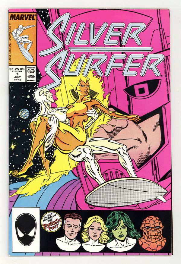 Direct Edition. "Free!" Guest-starring the Fantastic Four and Galactus. Story by Steve Englehart. Art by Marshall Rogers and Joe Rubinstein. Many years ago, in order to prevent the total annihilation of his civilization and homeworld, Norrin Radd bargained with the Devourer of Worlds. Imbued with the Power Cosmic, he became the Silver Surfer and Herald of Galactus. However, on the fateful day he arrived on Earth, for love of humanity, he betrayed his master, and thus was cursed to never traverse the spaceways again. Now, after many years of exile, will the Silver Surfer finally be free to soar the heavens again? Plus, witness the savage attack of Champion, an Elder of the Universe (last seen in Marvel Two in One (1974) Annual #7), as events are set in motion for the next 10 issues. 48 pages. Cover price $1.25.
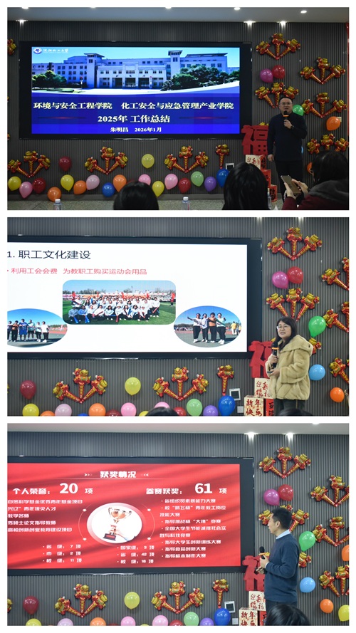 近日,环境与安全工程学院举行“骏马踏春启新程 聚力育人谱华章”总结表彰大会暨2026年新年茶话会。图书馆馆长张万忠,创新创业学院院长张学军,质量建设与绩效考核办公室主任赵慧,党委人才办副主任赵焕新,学院领导班子成员及全体教师参加活动,共同总结过往成就、致敬奋斗身影、共赴发展新程。
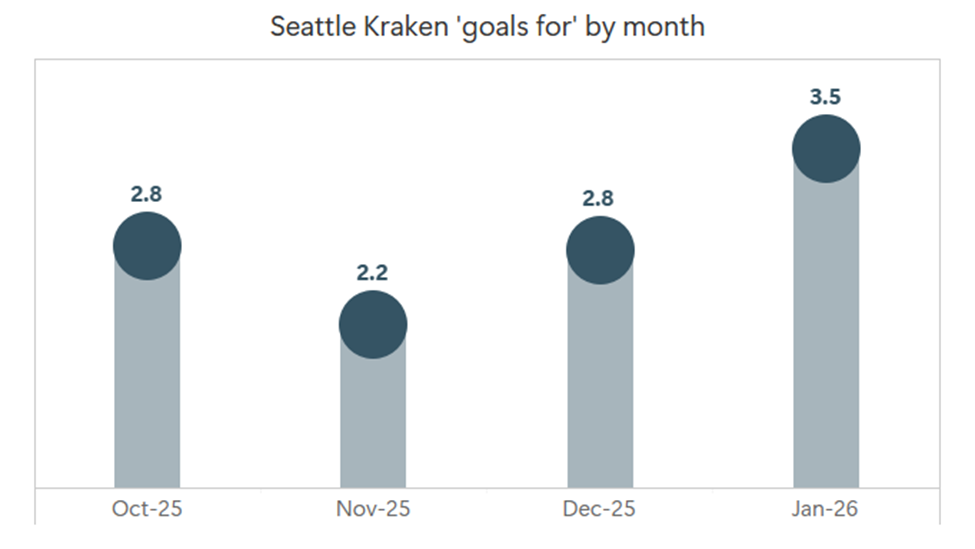 McCann’s return was the shot in the arm they needed. He has 11 goals in 19 games since coming off IR in late December, tied for sixth in the league over that span. Matty Beniers is also on a heater with 10 goals in January, a number McCann matched one game later. Beyond those two, Berkly Catton chipped in five goals, and Jordan Eberle added five of his own during the month.
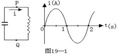11、如图19-1所示的LC振荡电路中,通过P点的电流变化规律如图所示,且把通过P点向右的电流规定为坐标轴i 的正方向。则:

-----

:: Description of the task ::
Give back the whole listing exactly; no pictures.

:: Solved problem ::
 Direct Edition. "Free!" Guest-starring the Fantastic Four and Galactus. Story by Steve Englehart. Art by Marshall Rogers and Joe Rubinstein. Many years ago, in order to prevent the total annihilation of his civilization and homeworld, Norrin Radd bargained with the Devourer of Worlds. Imbued with the Power Cosmic, he became the Silver Surfer and Herald of Galactus. However, on the fateful day he arrived on Earth, for love of humanity, he betrayed his master, and thus was cursed to never traverse the spaceways again. Now, after many years of exile, will the Silver Surfer finally be free to soar the heavens again? Plus, witness the savage attack of Champion, an Elder of the Universe (last seen in Marvel Two in One (1974) Annual #7), as events are set in motion for the next 10 issues. 48 pages. Cover price $1.25.
 近日,环境与安全工程学院举行“骏马踏春启新程 聚力育人谱华章”总结表彰大会暨2026年新年茶话会。图书馆馆长张万忠,创新创业学院院长张学军,质量建设与绩效考核办公室主任赵慧,党委人才办副主任赵焕新,学院领导班子成员及全体教师参加活动,共同总结过往成就、致敬奋斗身影、共赴发展新程。
 McCann’s return was the shot in the arm they needed. He has 11 goals in 19 games since coming off IR in late December, tied for sixth in the league over that span. Matty Beniers is also on a heater with 10 goals in January, a number McCann matched one game later. Beyond those two, Berkly Catton chipped in five goals, and Jordan Eberle added five of his own during the month.
11、如图19-1所示的LC振荡电路中,通过P点的电流变化规律如图所示,且把通过P点向右的电流规定为坐标轴i 的正方向。则:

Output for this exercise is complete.